In order to win Medicare for All, affordable housing, or other real gains in the context of the global meltdown of capitalism, we need to get organized.

In the last days and weeks, working people have initiated heroic struggles against their bosses. From Instacart workers to sanitation workers in Pittsburgh to health care workers in NYC, there is a growing fightback taking place.

We need to link working-class struggles to broader demands. All workers have the right to a safe workplace, and no one should have to choose between income and safety. Workers have the right to strike and refuse work, and we should get organized against efforts to demand we return to workplaces until safety policies are in place.

Workers and our unions must reject any suspension of collective bargaining or the right to form a union. We must also demand “hazard pay” to all essential workers, who should be paid at least “time and a half” during the pandemic. Companies that refuse to operate under these rules should be taken into public ownership with democratic workers control and management.

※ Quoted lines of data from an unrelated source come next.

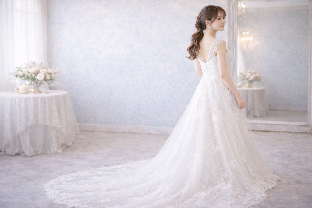 どの角度から見ても美しいドレス姿に
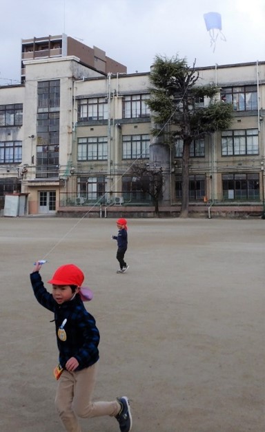 元待賢小学校の広い運動場で、思い切り走ります。風を受けると高く揚がり、いつまでも楽しむ子どもたちです。「今日は風がないからあがらへん」「風があると走らないでもあがる」と遊びながら風を感じるようになっています。
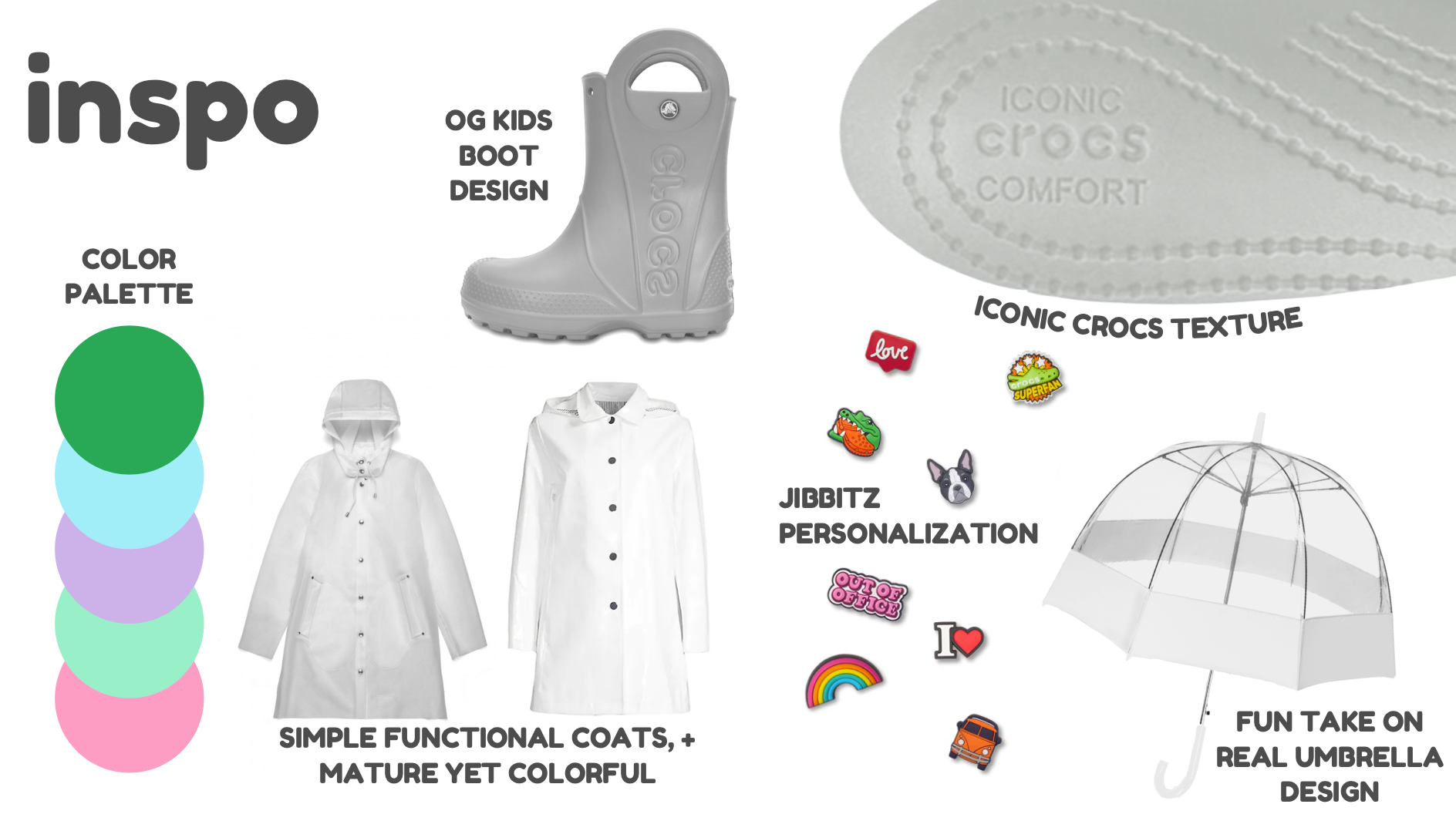 Considering the positioning opportunities and taking Crocs brand, I developed a moodboard to develop the 3 rain gear products. These products are informed by the opportunity and the brand's existing qualities as well as a diverse consumer range.

Around the country, people are out of work and the rent is about to come due. An organization called Rent Strike 2020 is working with Socialist Alternative and others to build for rent strikes in the coming weeks with a demand for suspension of all rents and mortgage payments during the pandemic. If these demands are not met, they may call for a mass rent strike on May 1. A successful rent strike on this scale will require a high degree of organizing in buildings, in neighborhoods, on a citywide and a national level.

This pandemic has laid bare how rotten and brutal capitalism is. It doesn’t have to be like this. We need to fight not only for emergency measures during the pandemic but also for an alternative to this sick system – for a socialist world in which the resources of society and big corporations are democratically owned and planned in a sane and sustainable way, for our needs instead of their profits.